Qu-Trefoil: Large-Scale Quantum Circuit Simulator Working on FPGA With SATA Storages

Abstract

Quantum circuits are fundamental components of quantum computing, and state-vector-based quantum circuit simulation is a widely used technique for tracking qubit behavior throughout circuit evolution. However, simulating a circuit with $n$ qubits requires $2^{n+4}$ bytes of memory, making simulations of more than 40 qubits feasible only on supercomputers. To address this limitation, we propose the Qu-Trefoil, a system designed for large-scale quantum circuit simulations on an FPGA-based platform called Trefoil. Trefoil is a multi-FPGA system connected to eight storage subsystems, each equipped with 32 SATA disks. Qu-Trefoil integrates a suite of HLS-based universal quantum gates, including Clifford gates (Hadamard (H), Pauli-Z (Z), Phase (S), Controlled-NOT (CNOT)), the T gate, and unitary matrix computation, along with HDL-designed modules for system-wide integration. Our extensive evaluation demonstrates the system's robustness and flexibility, covering quantum gate performance, chunk size, disk extensibility, and efficiency across different SATA generations.
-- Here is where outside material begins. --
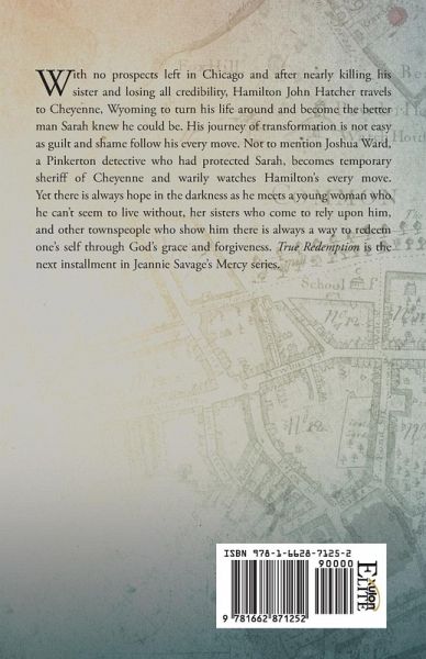With no prospects left in Chicago and after nearly killing his sister and losing all credibility, Hamilton John Hatcher travels to Cheyenne, Wyoming to turn his life around and become the better man Sarah knew he could be. His journey of transformation is not easy as guilt and shame follow his every move. Not to mention Joshua Ward, a Pinkerton detective who had protected Sarah, becomes temporary sheriff of Cheyenne and warily watches Hamilton's every move. Yet there is always hope in the darkness as he meets a young woman who he can't seem to live without, her sisters who come to rely upon him, and other townspeople who show him there is always a way to redeem one's self through God's grace and forgiveness. True Redemption is the next installment in Jeannie Savage's Mercy series.

We successfully simulated quantum circuits with over 43 qubits, which required more than 128 TB of memory, in approximately 3.72 to 13.06 hours on a single storage subsystem equipped with one FPGA. This achievement represents a significant milestone in the advancement of quantum computing simulations. Furthermore, thanks to its unique architecture, Qu-Trefoil is more accessible, flexible, and cost-efficient than other existing simulators for large-scale quantum circuit simulations, making it a viable option for researchers with limited access to supercomputers.